Edward Burne-Jones on the Kelmscott Chaucer [2]
Left intellectuals, like most intellectuals, are not good at politics; especially if we mean by the latter, as I shall be arguing we should, the everyday detail, drudgery and charm of performance. Intellectuals get the fingering wrong. Up on stage they play too many wrong notes. But one thing they may be good for: sticking to the concert-hall analogy, they are sometimes the bassists in the back row whose groaning establishes the key of politics for a moment, and even points to a possible new one. And it can happen, though occasionally, that the survival of a tradition of thought and action depends on this—on politics being transposed to a new key. This seems to me true of the left in our time.

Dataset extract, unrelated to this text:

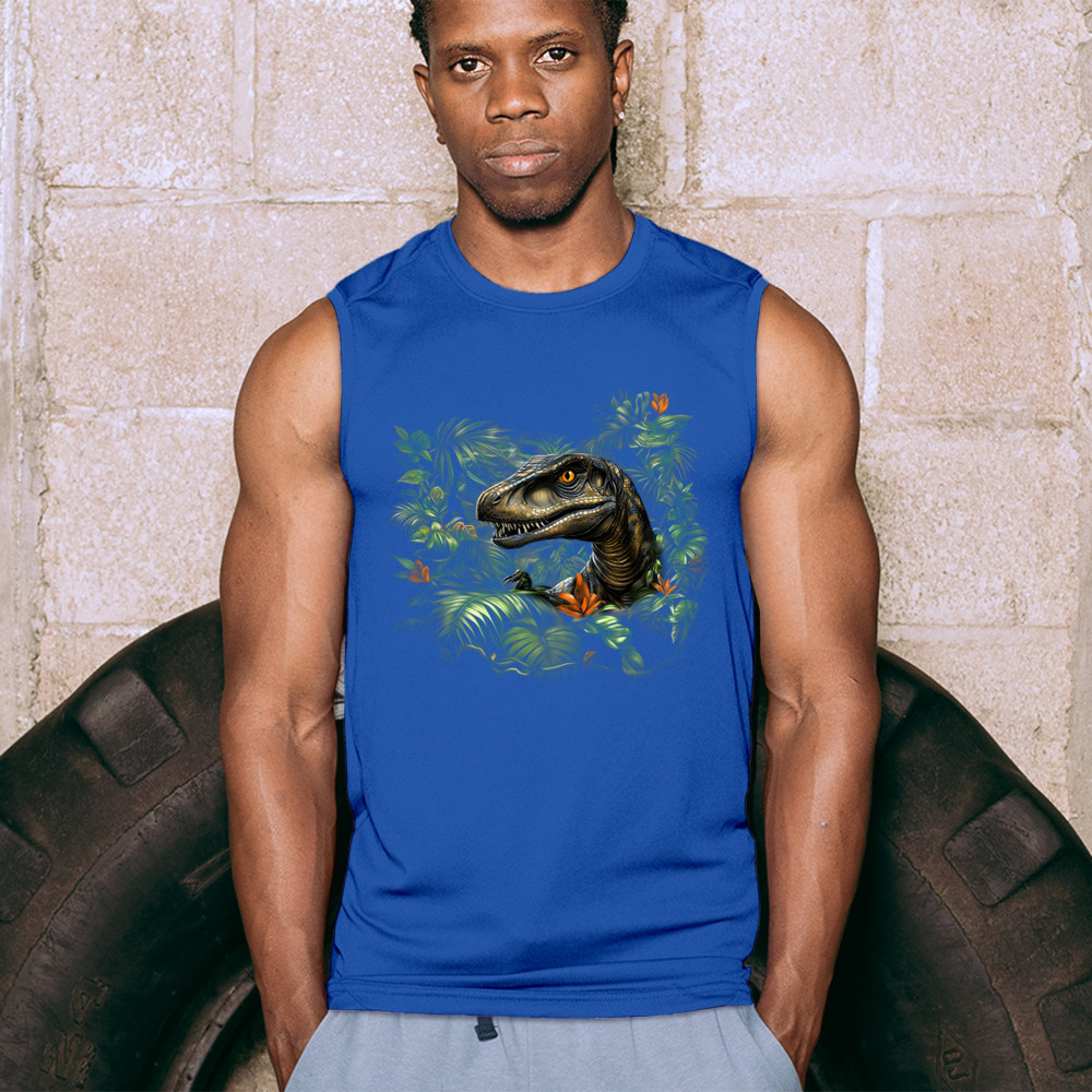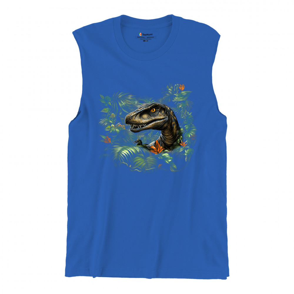 Step into the wild with this striking jungle raptor design. A highly detailed velociraptor peeks from vivid tropical foliage and flowers, perfect for dinosaur lovers, fossil fans, and ancient creature enthusiasts. Whether for Jurassic adventures, museum trips, or themed events, this design unleashes untamed prehistoric energy.

These notes are addressed essentially (regrettably) to the left in the old capitalist heartland—the left in Europe. [3] Perhaps they will resonate elsewhere. They have nothing to say about capitalism’s long-term invulnerability, and pass no judgement—what fool would try to in present circumstances?—on the sureness of its management of its global dependencies, or the effectiveness of its military humanism. The only verdict presupposed in what follows is a negative one on the capacity of the left—the actually existing left, as we used to say—to offer a perspective in which capitalism’s failures, and its own, might make sense. By ‘perspective’ I mean a rhetoric, a tonality, an imagery, an argument, and a temporality.
By ‘left’ I mean a root-and-branch opposition to capitalism. But such an opposition has nothing to gain, I shall argue, from a series of overweening and fantastical predictions about capitalism’s coming to an end. Roots and branches are things in the present. The deeper a political movement’s spadework, the more complete its focus on the here and now. No doubt there is an alternative to the present order of things. Yet nothing follows from this—nothing deserving the name political. Left politics is immobilized, it seems to me, at the level of theory and therefore of practice, by the idea that it should spend its time turning over the entrails of the present for signs of catastrophe and salvation. Better an infinite irony at prescrai and maruflicchio—a peasant irony, with an earned contempt for futurity—than a politics premised, yet again, on some terracotta multitude waiting to march out of the emperor’s tomb.